Personal information
- Full name: Andrew David Innes
- Born: 3 May 1905 Glasgow, Lanarkshire, Scotland
- Died: 23 February 1968 (aged 62) Milngavie, Dunbartonshire, Scotland
- Batting: Right-handed
- Bowling: Right-arm off break

Domestic team information
- 1925–1934: Scotland

Career statistics
| Competition | First-class |
| Matches | 5 |
| Runs scored | 164 |
| Batting average | 16.40 |
| 100s/50s | –/– |
| Top score | 48 |
| Balls bowled | 84 |
| Wickets | 1 |
| Bowling average | 26.00 |
| 5 wickets in innings | – |
| 10 wickets in match | – |
| Best bowling | 1/12 |
| Catches/stumpings | 6/– |
- Source: Cricinfo, 28 June 2022

= Andrew Innes (cricketer) =

Scottish cricketer

Andrew David Innes (3 May 1905 — 23 February 1968) was a Scottish first-class cricketer.

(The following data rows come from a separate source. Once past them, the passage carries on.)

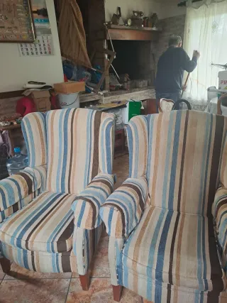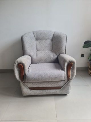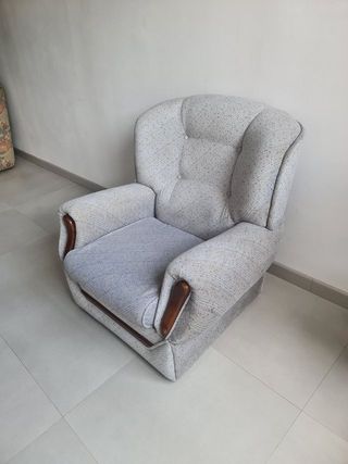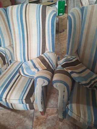 Conjunto de sofá y butaca en tela. - Sofá de dos plazas (200€) - Butaca a juego (100€) - Tapicería de tela. - Estructura de madera.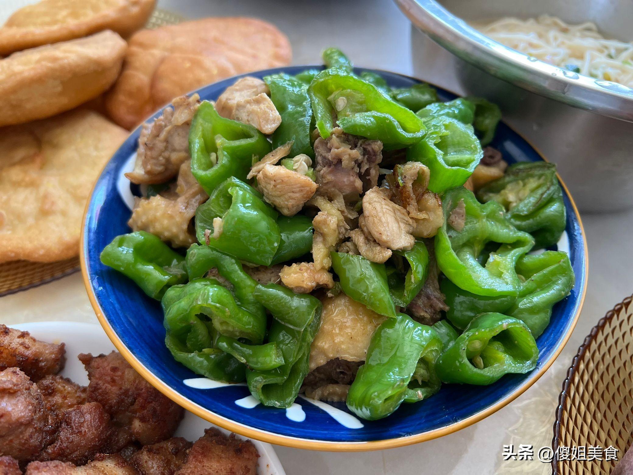 青椒炒肉也是我家的常備菜。五花肉切薄片,青椒切圈備用。先將五花肉片入鍋煸炒至出油,再加入青椒圈一起炒熟,最後調入鹽和醬油即可。這道菜簡單快手,青椒脆嫩,五花肉香而不膩,是下飯的好選擇。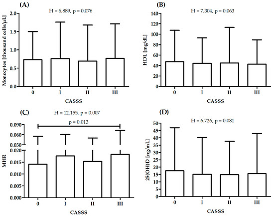 Differences in monocytes (A), high-density lipoprotein—HDL (B), monocyte-to-high-density lipoprotein ratio—MHR (C) and serum 25(OH)D (D) between patients with different CASS score: sum of points (0–III) to reflect atherosclerosis of vessels; H—Kruskal–Wallis one-way analysis-of-variance-by-ranks test.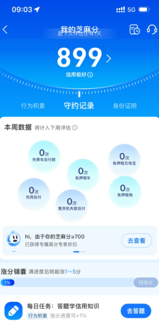 还好,不是很难,涨分很简单,明白其中一些原理后,每周涨2分,不是问题,多使用先用后付,免押借东西,总之就是守约。我每周会刷很多守约记录,所以都涨分了。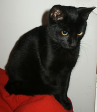 She is black and rather slim european cat, has bright grey collar and a brass tag. She is a domestic cat - never been away for too long.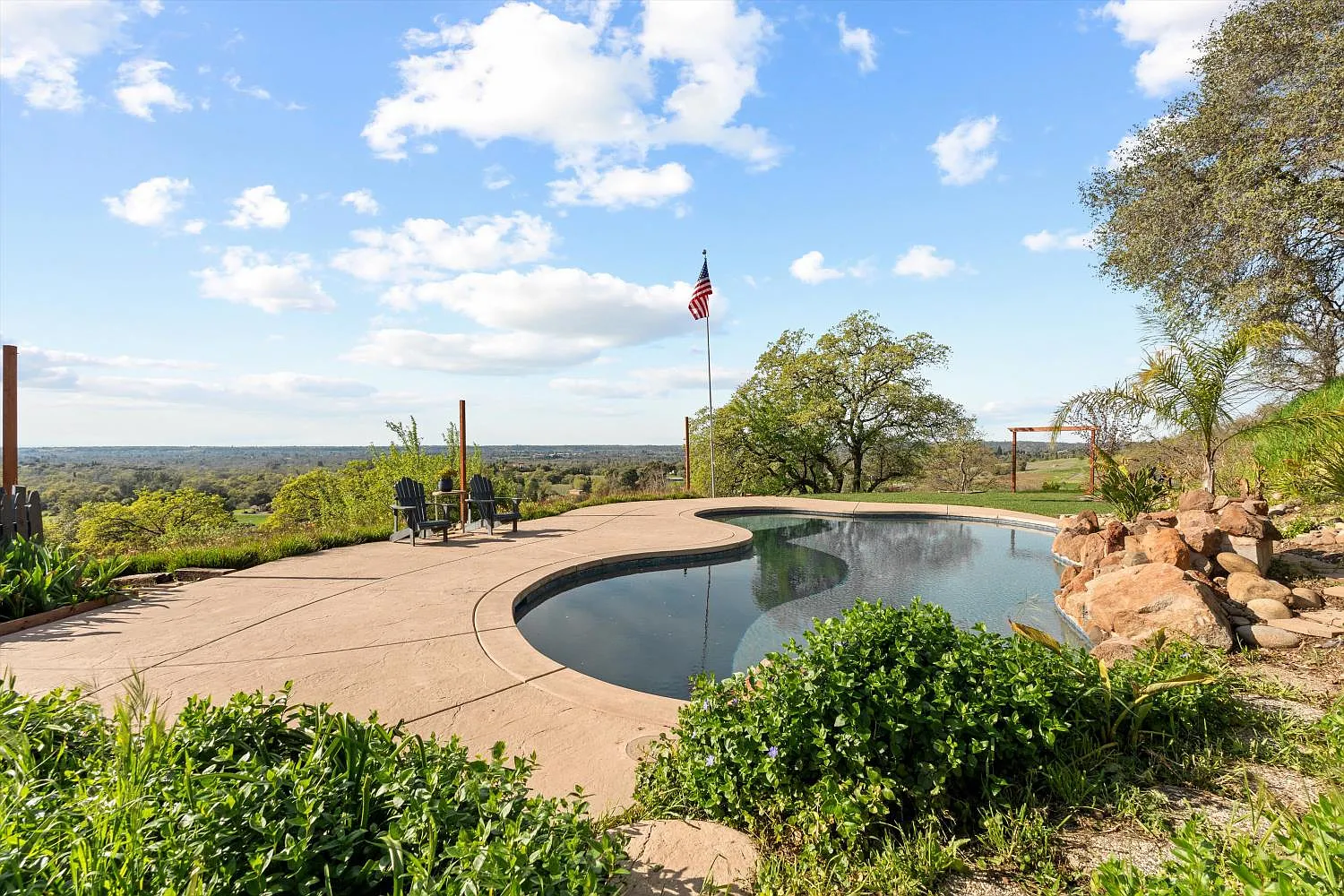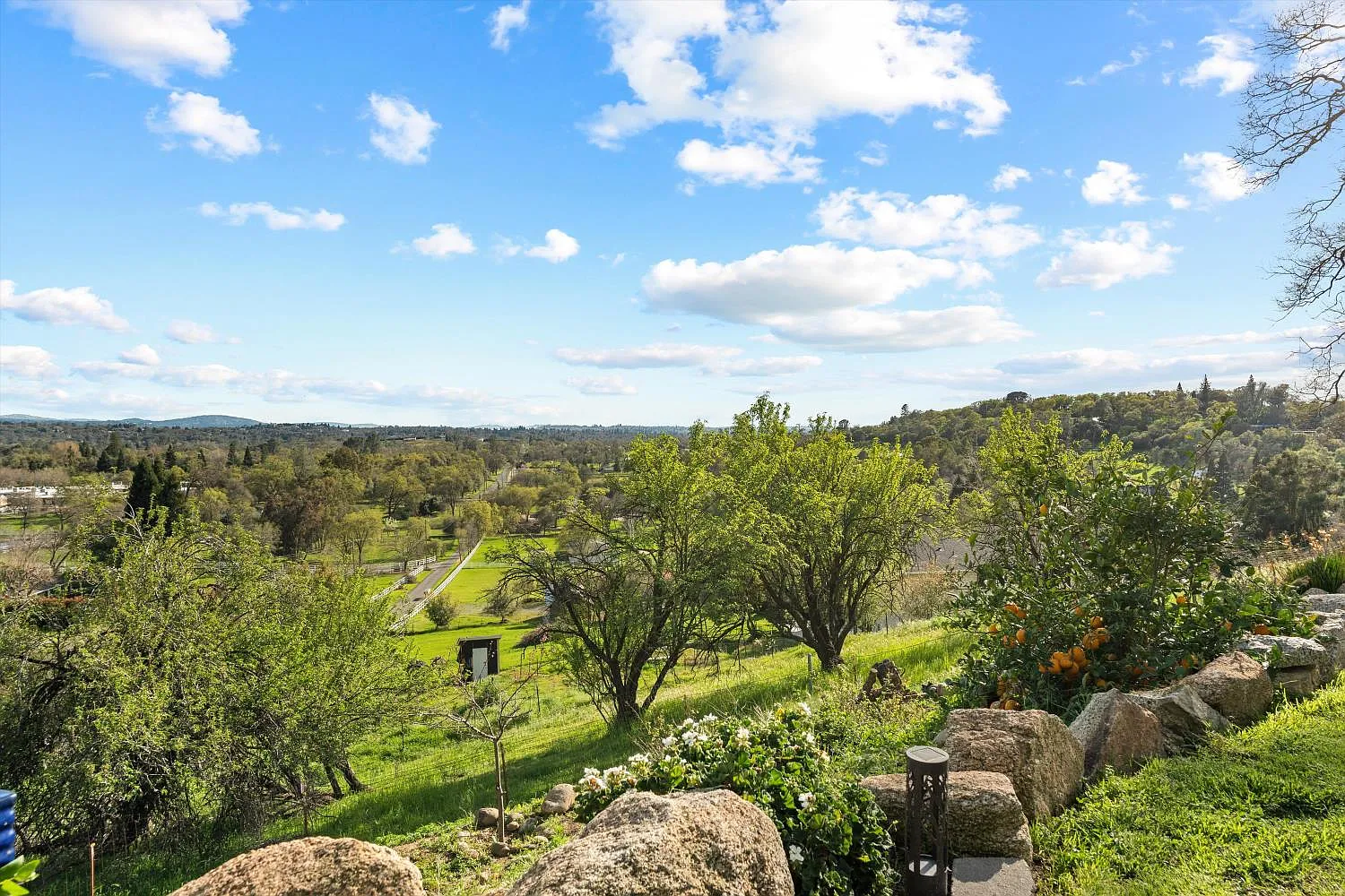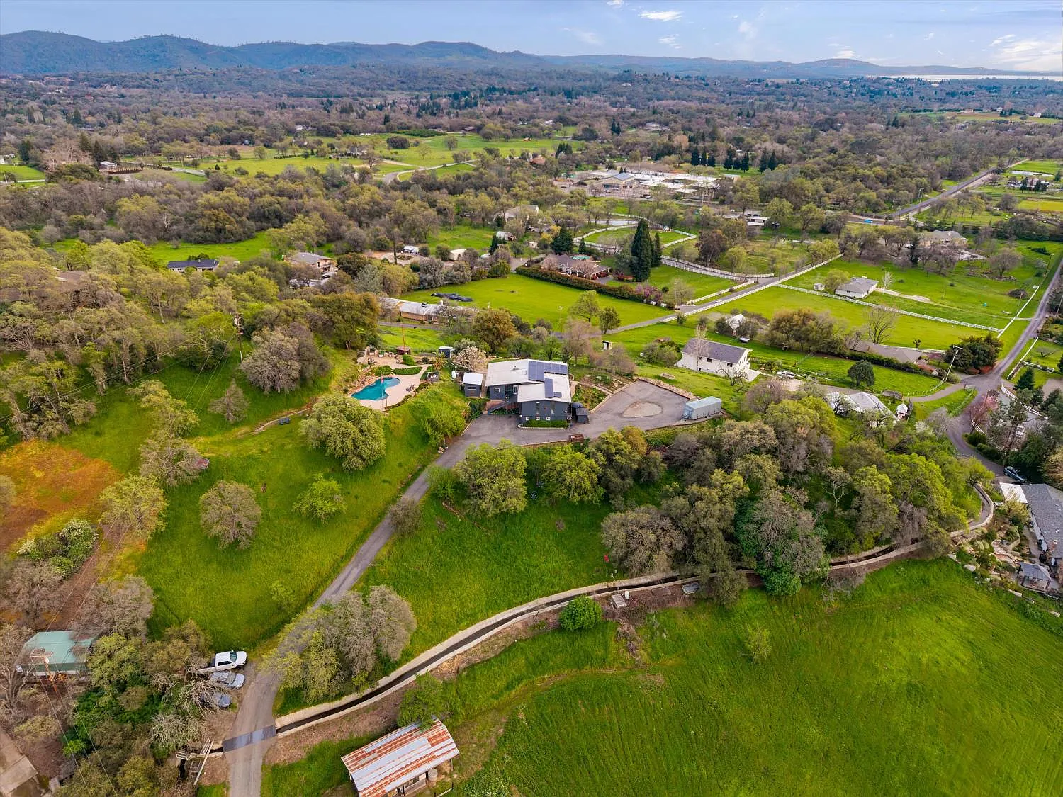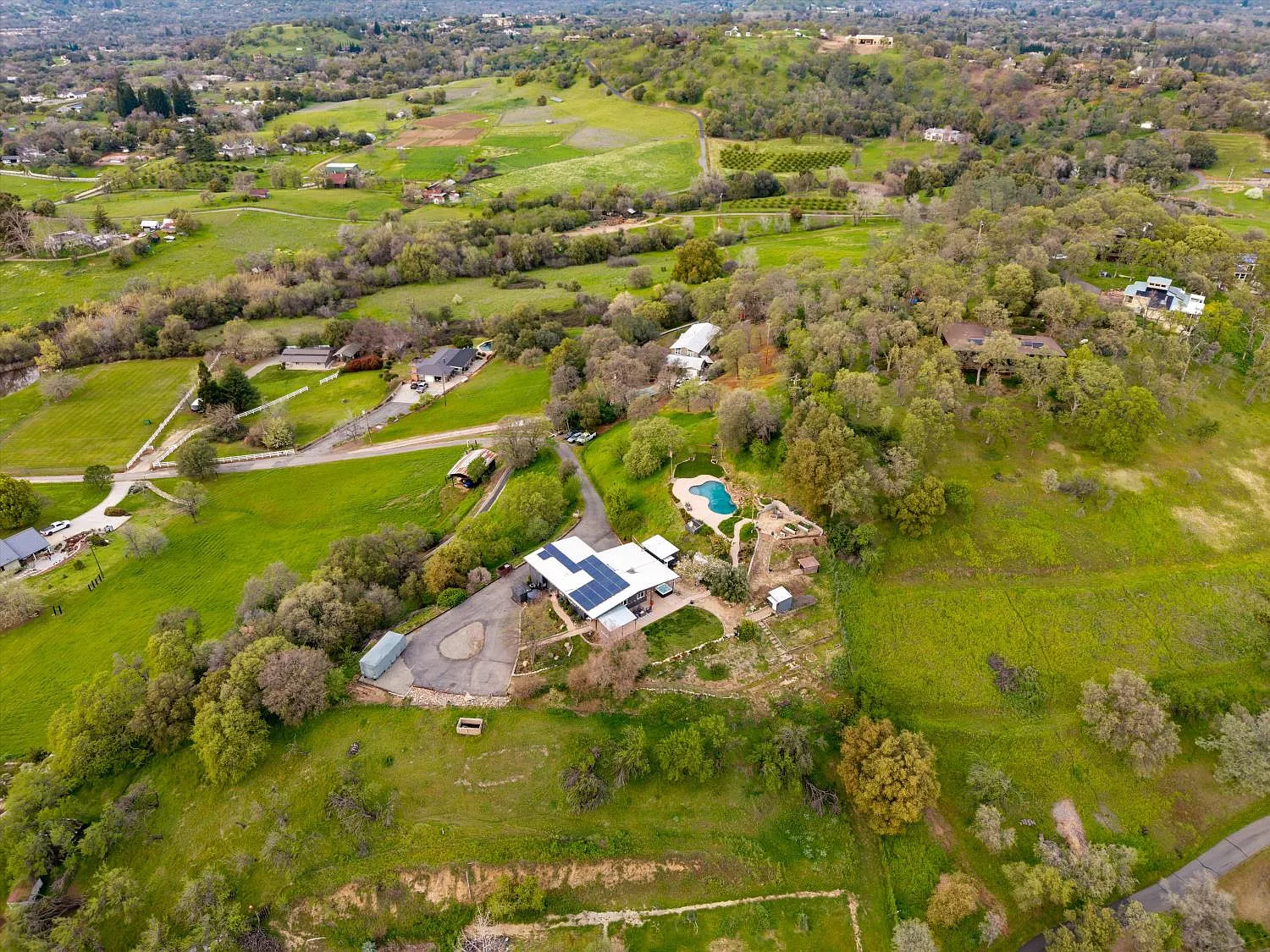 Perched atop a gentle rise in the heart of Loomis, this exceptional estate captures its most breathtaking feature from the very first glance phenomenal hillside views framed by a lush, beautifully landscaped setting. From sunrise to sunset, sweeping vistas and rolling greenery create a serene, private backdrop that makes this property truly unforgettable. Mature trees and manicured grounds enhance the sense of tranquility while offering expansive space to relax and unwind. Nestled on nearly 4 private acres, the 4-bedroom, 2-bathroom home blends luxury with country living. Spacious interiors are filled with natural light and designed for both comfort and entertaining. The chef's kitchen flows seamlessly into inviting dining and living areas, ideal for gatherings or quiet evenings at home. Flexible bedroom and bathroom layouts support multigenerational living or hosting guests with ease. Outdoors, a stunning swimming pool anchors your private oasis, complemented by open areas for gardens, hobbies, or entertaining. Barn structures add versatility for equestrian use, storage, or workshops, while ample room for RVs and toys completes this peaceful yet conveniently located retreat.

Innes was born at Glasgow in May 1905 and was educated in the city at The Glasgow Academy. A club cricketer for Glasgow Academicals Cricket Club, he made his debut for Scotland in first-class cricket against Ireland at Dublin in 1925. Innes played first-class cricket for Scotland until 1934, making six appearances; four of these came against Ireland, with a further two coming against the touring South Africans in 1929, and the touring Australians in 1934. He scored a total of 164 runs in these matches at an average of 16.40, with a highest score of 48. Innes was an insurance inspector by profession. He died in February 1968 at Milngavie, Dunbartonshire.